BEGIN Data shown

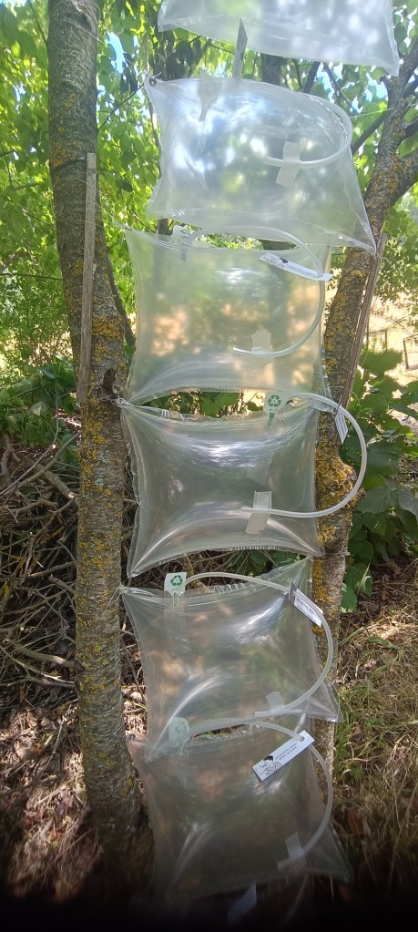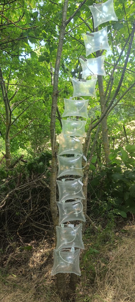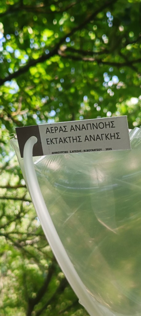 Εφήμερη εγκατάσταση από ανακυκλώσιμους πλαστικούς ασκούς, γεμάτους καθαρό αέρα ως συσκευές σωτήριας ανάσας. Όταν μια τελευταία αναπνοή καθίσταται ανεκτίμητη και μη δεδομένη τότε η σχέση μας με τη φύση και την τεχνολογία χρήζει επαναπροσδιορισμού.
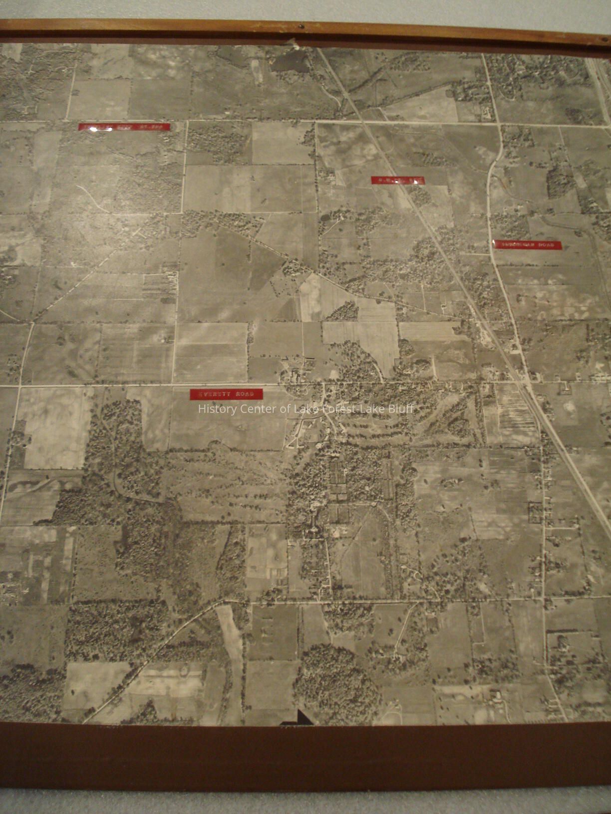 Aerial photograph showing southwest Lake Forest, dated October 23, 1954. Mounted to slats of wood - possibly used as exhibits in a meeting. Some areas are labeled in red, including Townline Road Rte. 59A, Chicago, Milwaukee and St. Paul Railroad, Waukegan Road, and Everett Road.Lexicon
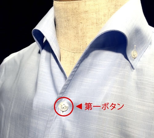 志スーツでオーダーいただくシャツは第一ボタン位置を上下に3㎝まで移動させることができます。 2つボタンを空けるスタイルもありますが、あまり空きすぎるのもチャラチャラした感じになりビジネスシーンでは思わしくありません。 その場合、第一ボタンを2~3㎝下げることで、2番目のボタンを開けずに開襟部分を広げることができます。
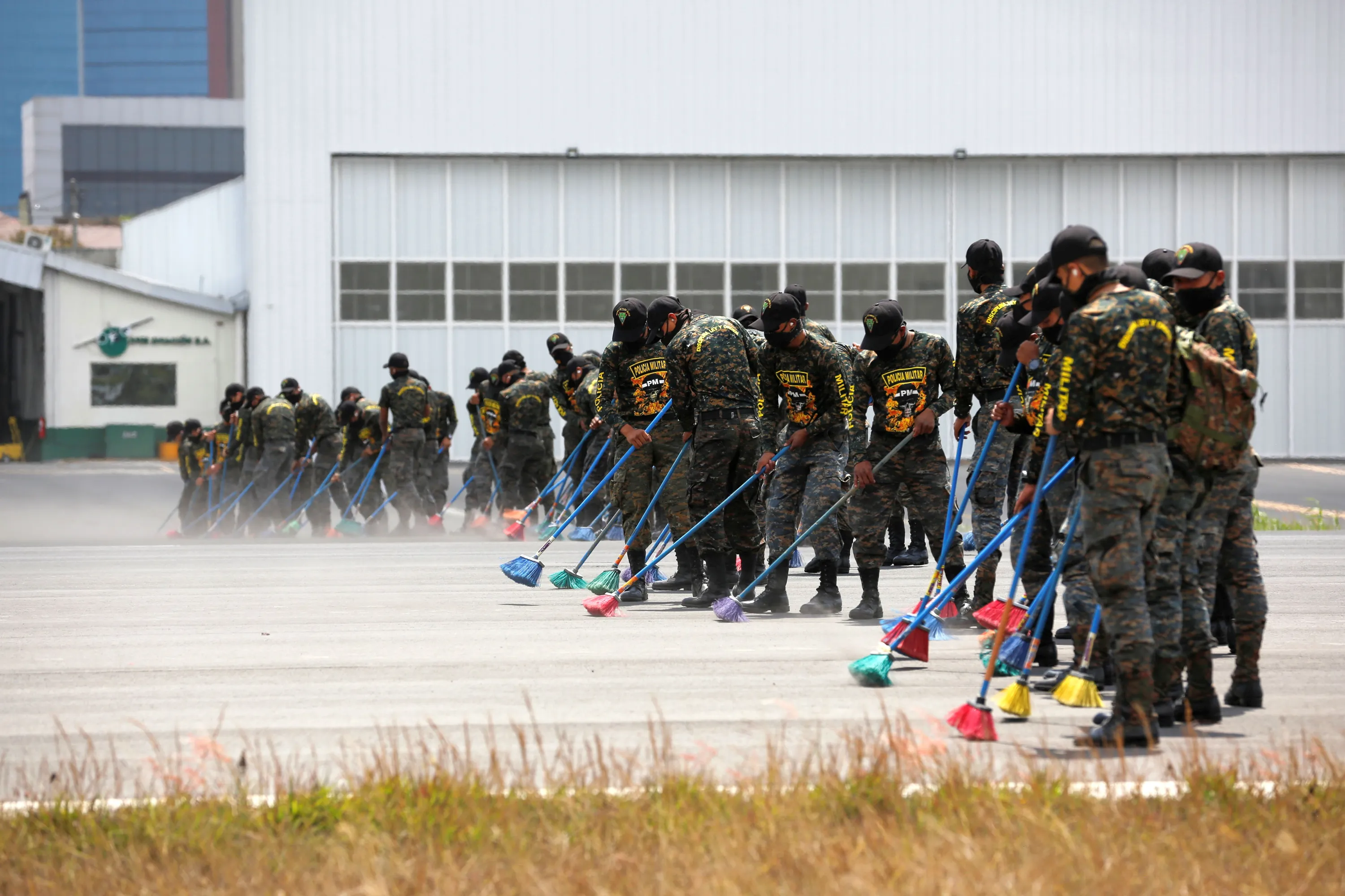 Soldiers sweep ashes from the Pacaya volcano at the tarmac of La Aurora International Airport in Guatemala City, Guatemala, March 23, 2021. (Photo by Luis Echeverria/Reuters)
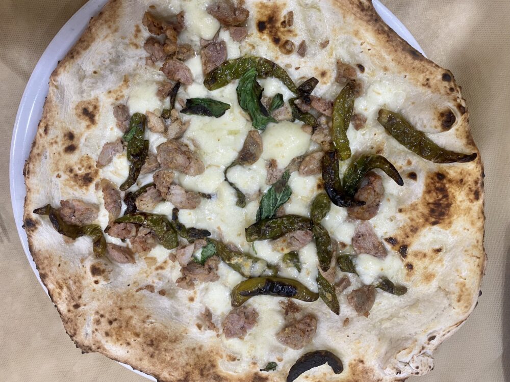 Dal menù, oltre alla Margherita con il fior di latte, ho provato A’ Pullecenella, con peperoncini verdi, salsiccia, mozzarella, olio e basilico. Buona di sapore, peccato solo per la cottura non uniforme, in quanto il cornicione in alcuni punti non era asciugato completamente, ad ogni modo, stornata dal conto di loro iniziativa.
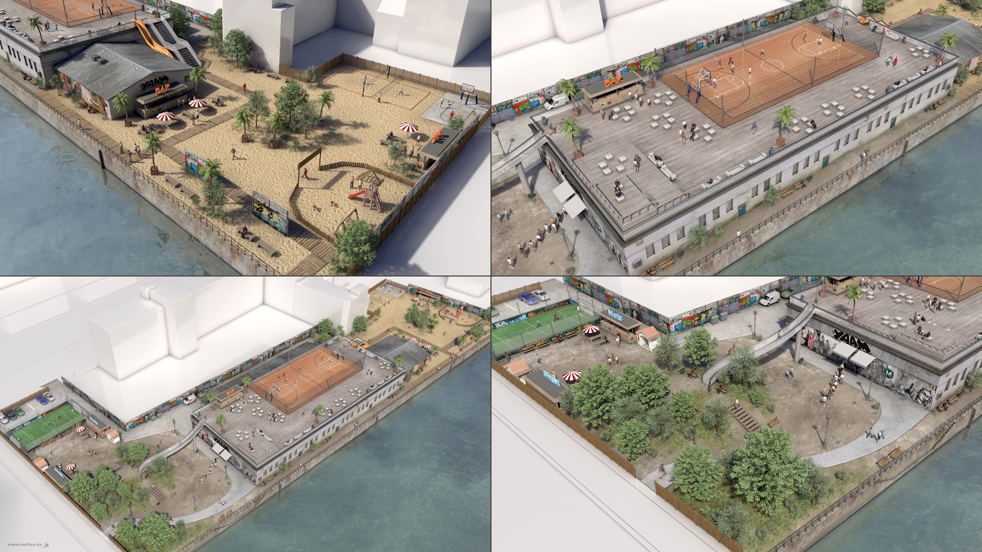 3D Architektur Visualisierung: Yaam - Visualisierung Yaam-Gelände, Planungsentwurf.
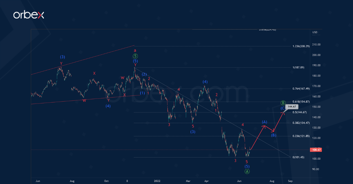 Soon we will see a continuation of the depreciation of prices in the final intermediate wave (5). This could end the primary impulse wave Ⓐ near 100.26. At that level, wave (5) will be at 161.8% of the previous impulse (3).
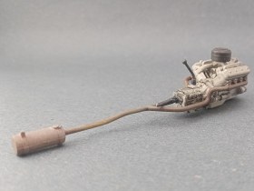 По мотору все более менее просто кроме выхлопа. Родной весь слишком тонкий, поэтому от него оставлена только задняя банка. Сам выхлоп согнут из медной проволоки. Ветви соединены пайкой.
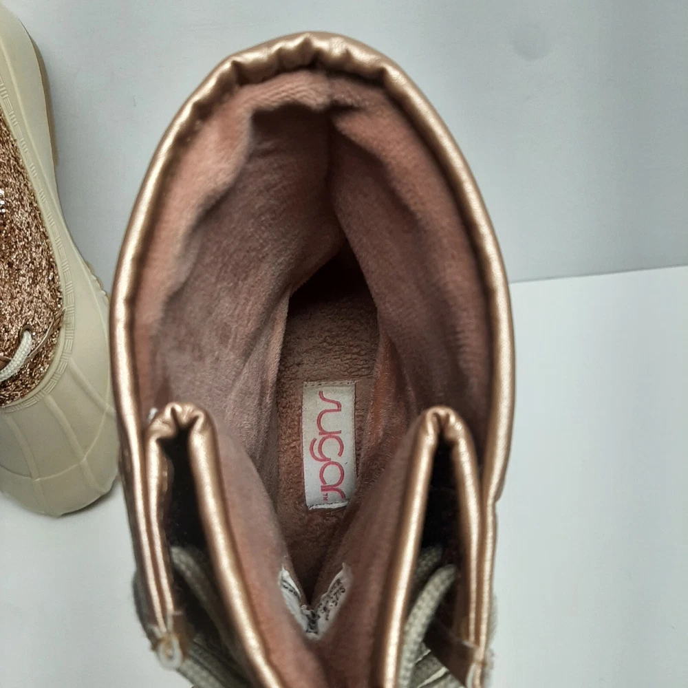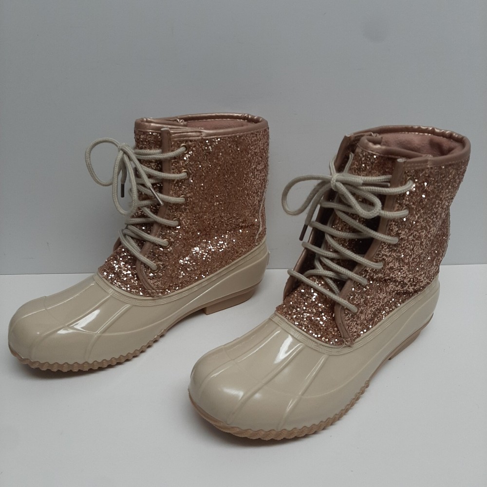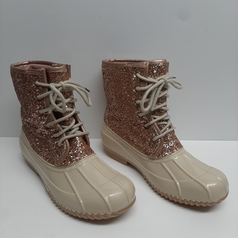 Sugar Women’s Duck Boots Rose Gold Glitter/ Off White 7M Preowned. In great conditions.
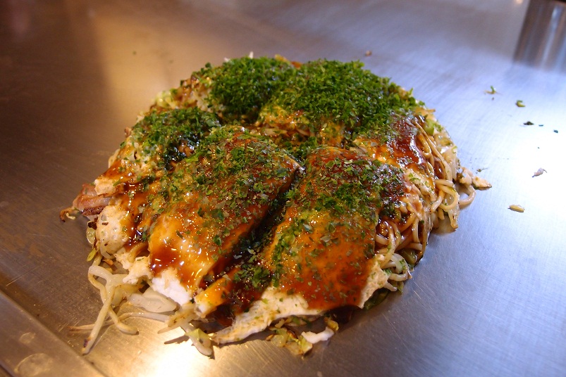 広島焼きもお店によって作り方も色々ですが、ふっくらしたタイプの広島焼きが出来上がりました。

END Data shown

• [About this task]:
Restate each entry verbatim and skip every image.

• [Your response]:
 Εφήμερη εγκατάσταση από ανακυκλώσιμους πλαστικούς ασκούς, γεμάτους καθαρό αέρα ως συσκευές σωτήριας ανάσας. Όταν μια τελευταία αναπνοή καθίσταται ανεκτίμητη και μη δεδομένη τότε η σχέση μας με τη φύση και την τεχνολογία χρήζει επαναπροσδιορισμού.
 Aerial photograph showing southwest Lake Forest, dated October 23, 1954. Mounted to slats of wood - possibly used as exhibits in a meeting. Some areas are labeled in red, including Townline Road Rte. 59A, Chicago, Milwaukee and St. Paul Railroad, Waukegan Road, and Everett Road.Lexicon
 志スーツでオーダーいただくシャツは第一ボタン位置を上下に3㎝まで移動させることができます。 2つボタンを空けるスタイルもありますが、あまり空きすぎるのもチャラチャラした感じになりビジネスシーンでは思わしくありません。 その場合、第一ボタンを2~3㎝下げることで、2番目のボタンを開けずに開襟部分を広げることができます。
 Soldiers sweep ashes from the Pacaya volcano at the tarmac of La Aurora International Airport in Guatemala City, Guatemala, March 23, 2021. (Photo by Luis Echeverria/Reuters)
 Dal menù, oltre alla Margherita con il fior di latte, ho provato A’ Pullecenella, con peperoncini verdi, salsiccia, mozzarella, olio e basilico. Buona di sapore, peccato solo per la cottura non uniforme, in quanto il cornicione in alcuni punti non era asciugato completamente, ad ogni modo, stornata dal conto di loro iniziativa.
 3D Architektur Visualisierung: Yaam - Visualisierung Yaam-Gelände, Planungsentwurf.
 Soon we will see a continuation of the depreciation of prices in the final intermediate wave (5). This could end the primary impulse wave Ⓐ near 100.26. At that level, wave (5) will be at 161.8% of the previous impulse (3).
 По мотору все более менее просто кроме выхлопа. Родной весь слишком тонкий, поэтому от него оставлена только задняя банка. Сам выхлоп согнут из медной проволоки. Ветви соединены пайкой.
 Sugar Women’s Duck Boots Rose Gold Glitter/ Off White 7M Preowned. In great conditions.
 広島焼きもお店によって作り方も色々ですが、ふっくらしたタイプの広島焼きが出来上がりました。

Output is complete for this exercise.